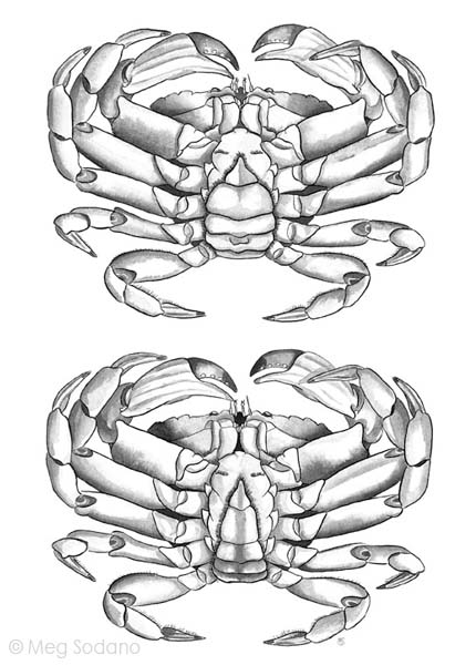 With ink line and wash on watercolor paper, I have shown the ventral and dorsal sides of six species common along the shores of southern New England.
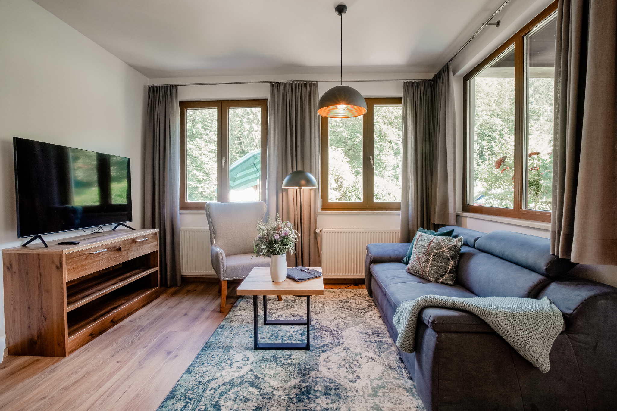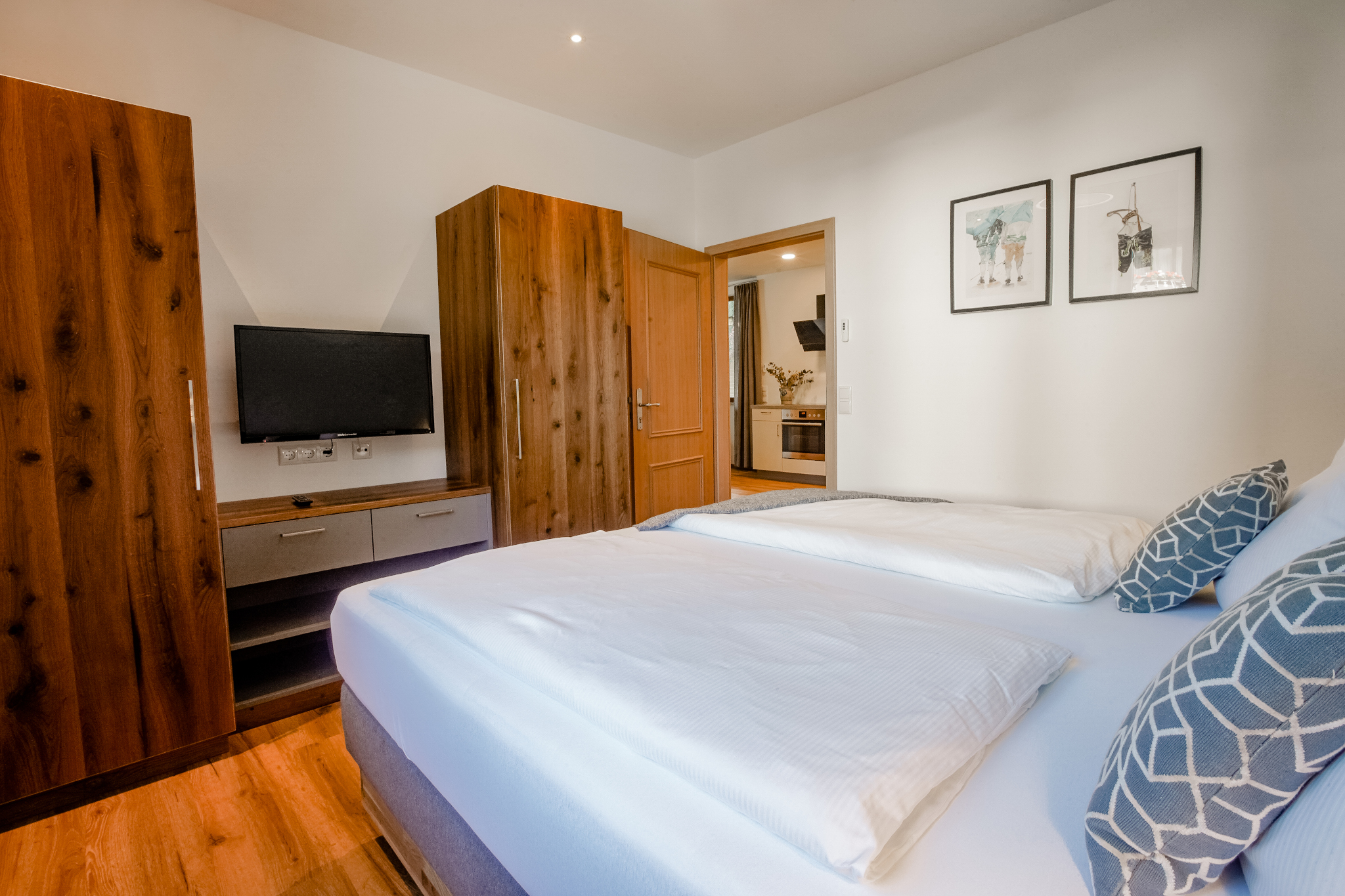 Die Ferienwohnung Königssee mit ca. 70 qm liegt im Erdgeschoss. Sie bietet Platz für bis zu vier Personen. Zwei Schlafzimmer mit Dusche / WC / TV, gemütlichem Wohn- Essbereich mit TV, offener Küche und eine eigene Terrasse sind vorhanden.Eine separate Suite für zwei Personen ist zu buchbar.
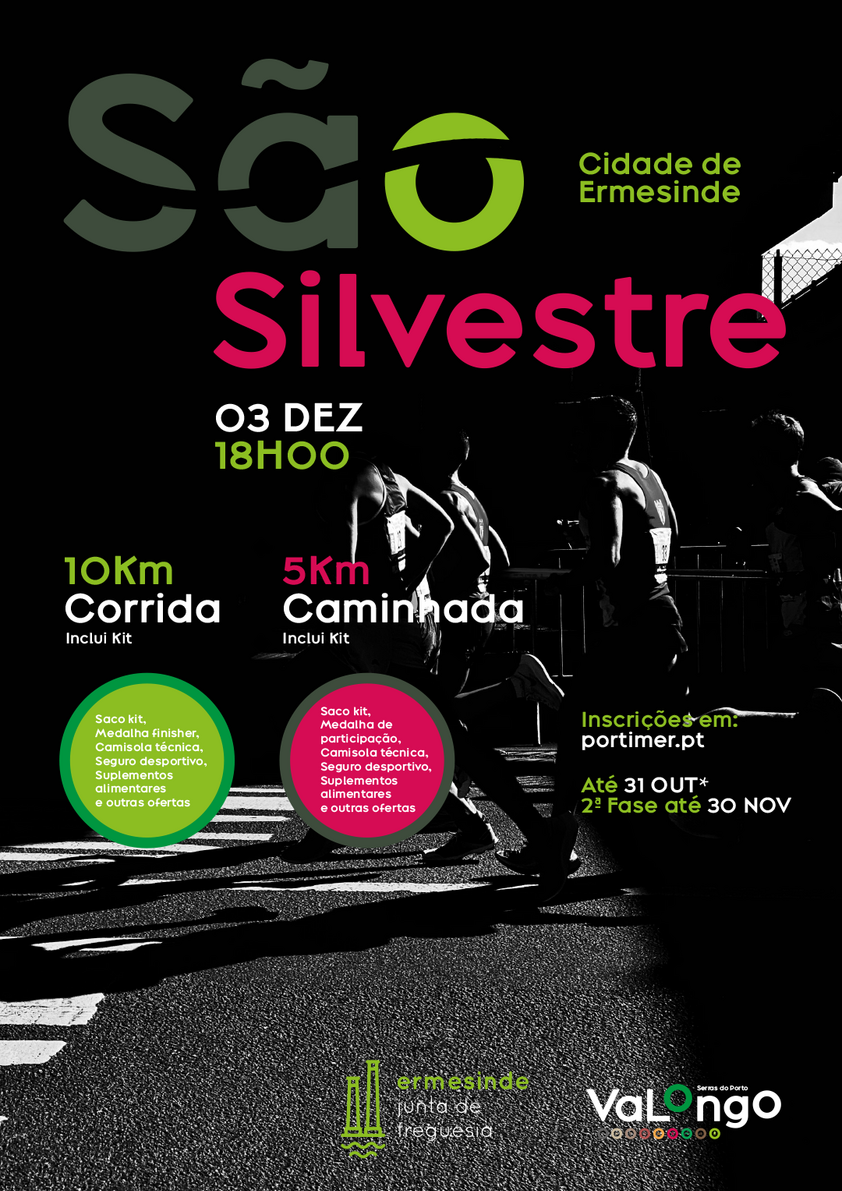 A São Silvestre Cidade de Ermesinde realiza-se no dia 3 de dezembro, pelas 18h00, com uma Corrida de 10 km e uma Caminhada de 5 km, numa coorganização da Junta da Freguesia de Ermesinde e o Município de Valongo.
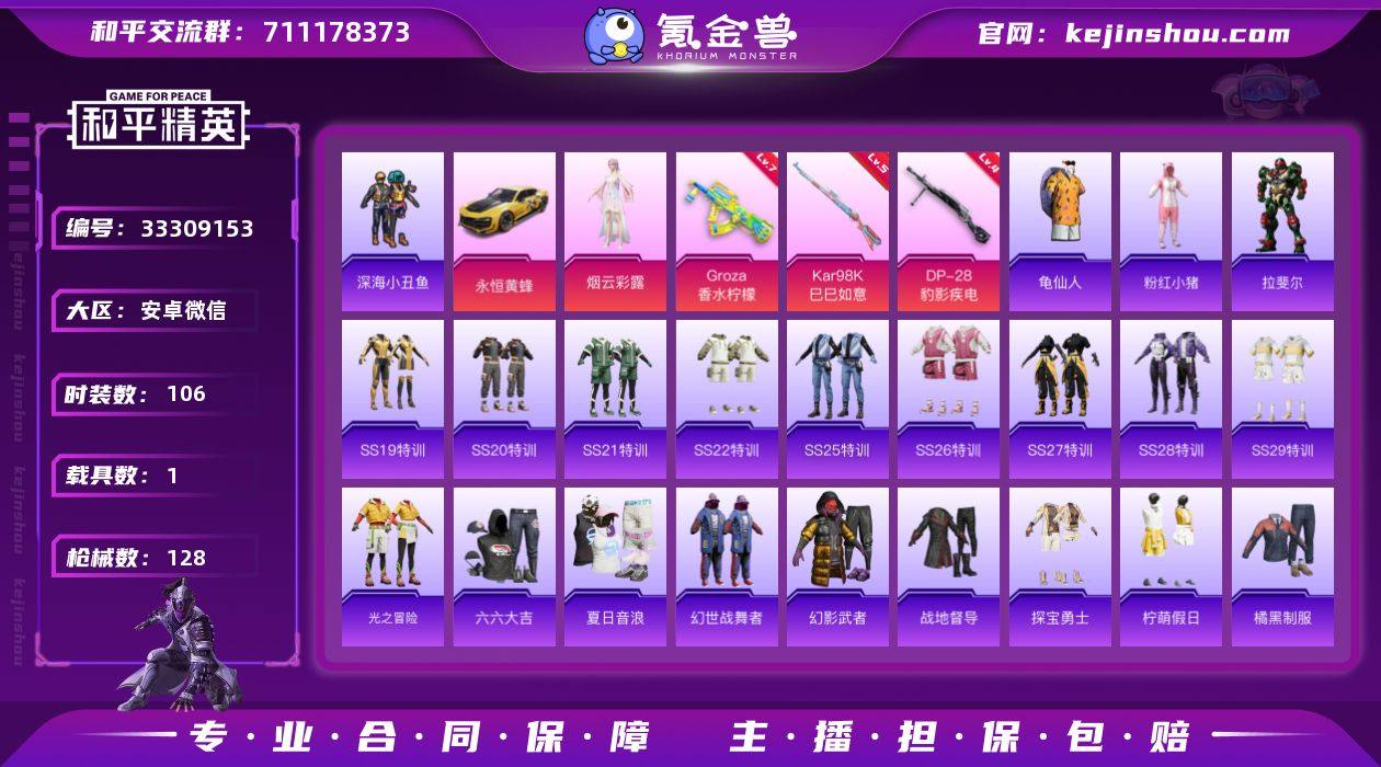 【有社交限制 不影响游戏正常使用 】时装数: 425 载具数: 1 枪械数: 128 战备数: 102 热门装扮: 深海小丑鱼,烟云彩露,辉云木星 载具: 永恒黄蜂 稀有枪皮: GROZA-香水柠檬(七级),Kar98K-巳巳如意(五级),Mk14-福马献瑞(五级),DP-28-豹影疾电(四级)
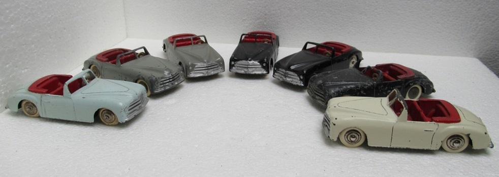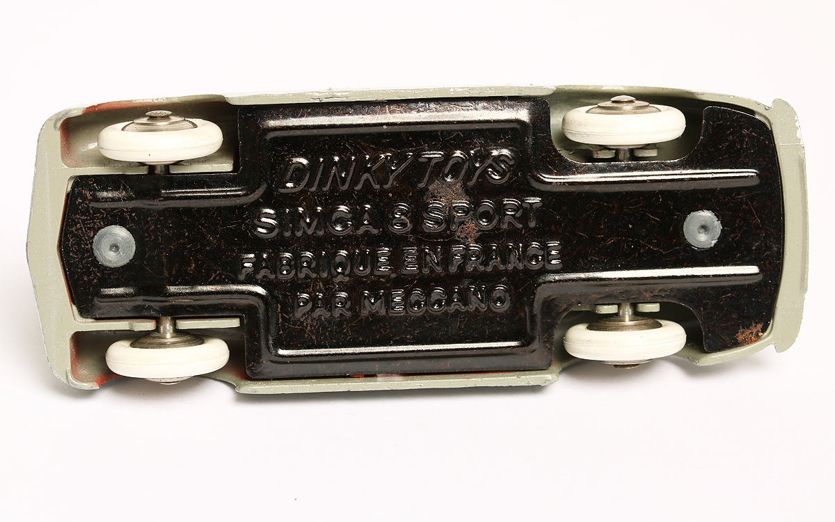 You may like me to add some photos here, recently having acquired a Simca 8 sport for the first time. Its an example of the first generation with its thin windscreen frame and very shiny spun steel hubs. In fact the no. 140a/106 British Austin Atlantic Convertible and this Simca are very similar, both in looks and technical manufacture. They are contemporaries, the latter introduced only one year later than the Austin Atlantic. The similar way the interiors were created is striking, and so is the uncommon smooth looks of both in those days. Although the French were the first to introduce recessed contour lines on their models, in the mid-1950s, this one still has the raised lines, whereas the related Austin Atlantic, as an exception, has very early British recessed lines, which generally appeared in Liverpool as late as the early 1960s. Available in France in 1952, it was also available in that year on some export markets, like the Dutch. In the USA it was available since 1954, as the single leaf little flyer demonstrates. The last appearance in the French catalogues was in 1959, showing the new number 534 only once. This is also an opportunity to show some pictures which I took back in 2006 in France, showing the mock-up for the Simca, in those days proudly owned by Jacques, and now like so many other prototypes kept in the LAuto Jaune collection in Paris. Kind regards, Jan
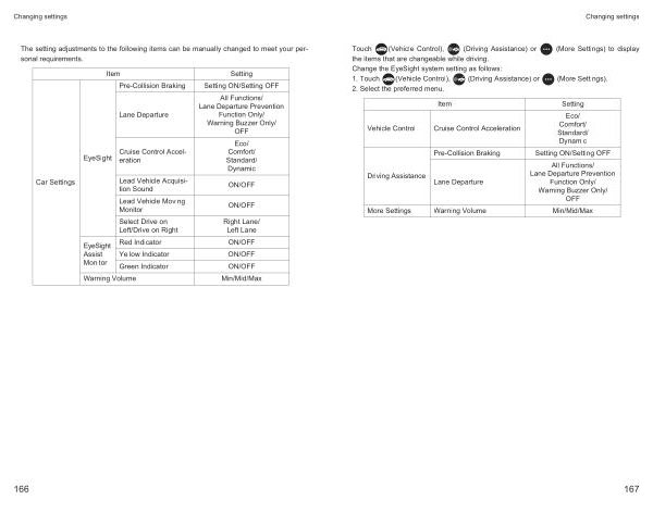 Touch ( Vehicle Control ), ( Driving Assistance ) or ( More Settings ) to display the items that are changeable while driving . Change the EyeSight system setting as follows : 1 . Touch ( Vehicle Control ), ( Driving Assistance ) or ( More Settings ). 2 . Select the preferred menu .
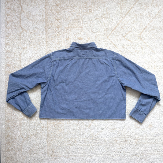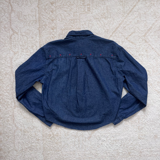 scrap button down - chambray denim w/ dark panel & red floral
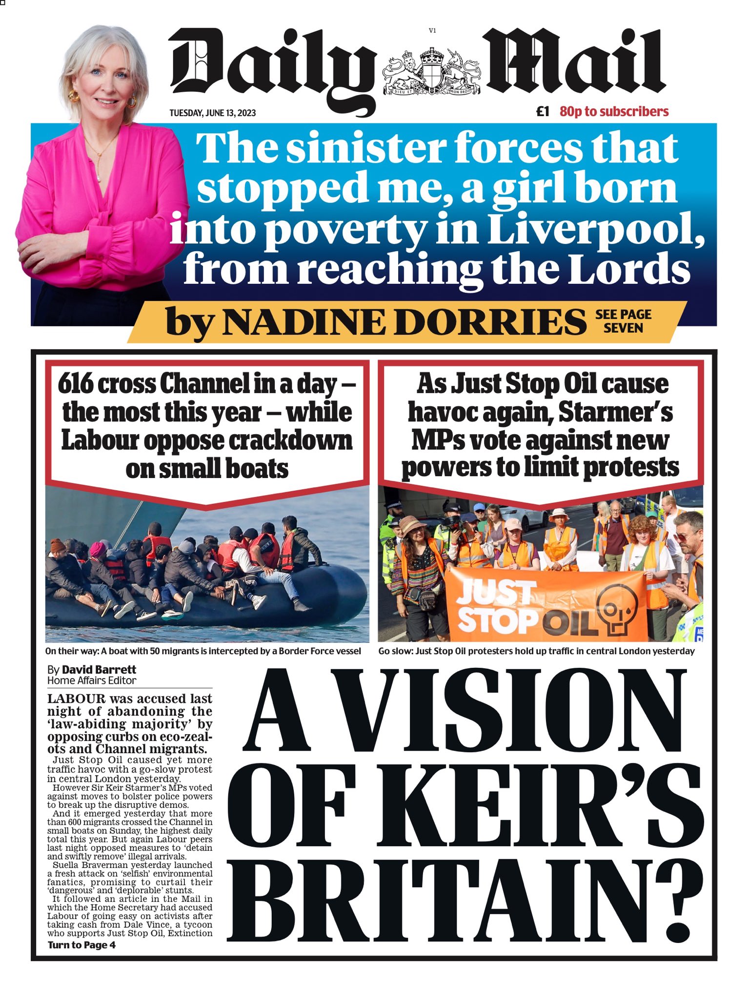 The Daily Mail’s front page showcases images of migrants crossing the Channel and an oil protest in London, questioning if this is a vision of a future Britain under Keir Starmer.
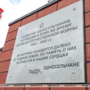 Их могилы находятся далеко от родной земли, но память о них останется в наших сердцах. Односельчане. К постаменту памятника прикреплены плиты с именами 68 сельчан. Центральным элементом композиции является штык, направленный в небо. Эскиз памятника разработан брестским художником Павлом Герасименко и был одобрен на собрании.
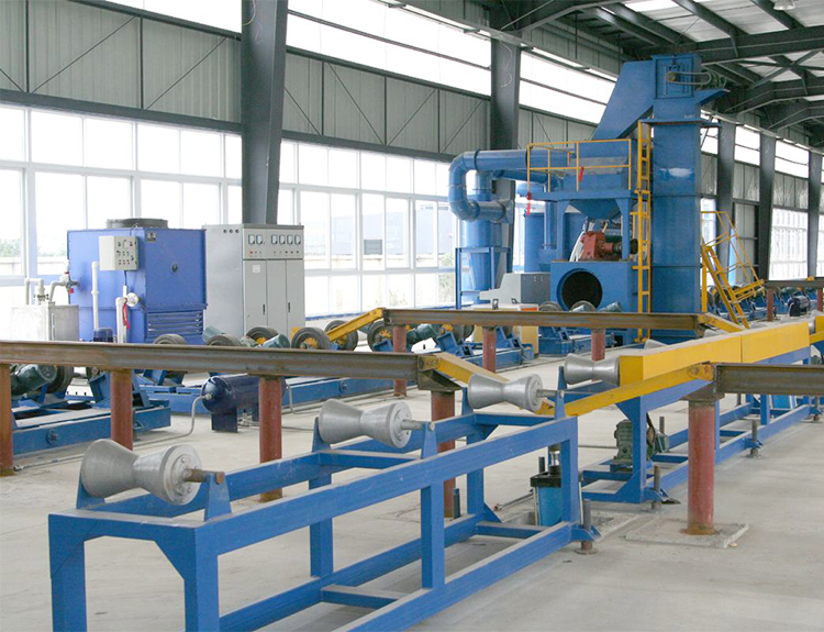 該系列鋼管拋丸清理機是輥道送料的大、中、小型管徑鋼管及圓柱體拋丸清理設備,主要是利用高效拋丸器拋出的高速彈丸流束,打擊鋼管表面上的氧化皮、銹層及其雜物,使之獲得精細光亮表面,提高工件表面的抗拉和抗壓強度,并具有一定表面粗糙度,為其表面涂漆保護增加附著力,有利于提高鋼管涂飾質量,達到防腐、護管、延長鋼管使用壽命之目的。
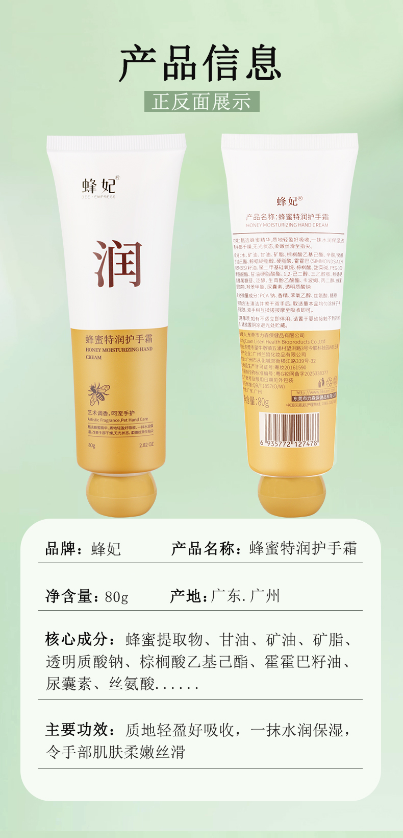 蜂妃蜂蜜特润护手霜80g 滋润修护淡手纹补充水份男女士防干裂手部护肤 官方正品

# # #

→ **Aim of the task**
In the data above, please extract the lines from the first one through the line with "不影响游戏正常使用 】时装数: 425", exactly, and keep pictures out.

→ **Expected answer**
 With ink line and wash on watercolor paper, I have shown the ventral and dorsal sides of six species common along the shores of southern New England.
 Die Ferienwohnung Königssee mit ca. 70 qm liegt im Erdgeschoss. Sie bietet Platz für bis zu vier Personen. Zwei Schlafzimmer mit Dusche / WC / TV, gemütlichem Wohn- Essbereich mit TV, offener Küche und eine eigene Terrasse sind vorhanden.Eine separate Suite für zwei Personen ist zu buchbar.
 A São Silvestre Cidade de Ermesinde realiza-se no dia 3 de dezembro, pelas 18h00, com uma Corrida de 10 km e uma Caminhada de 5 km, numa coorganização da Junta da Freguesia de Ermesinde e o Município de Valongo.
 【有社交限制 不影响游戏正常使用 】时装数: 425 载具数: 1 枪械数: 128 战备数: 102 热门装扮: 深海小丑鱼,烟云彩露,辉云木星 载具: 永恒黄蜂 稀有枪皮: GROZA-香水柠檬(七级),Kar98K-巳巳如意(五级),Mk14-福马献瑞(五级),DP-28-豹影疾电(四级)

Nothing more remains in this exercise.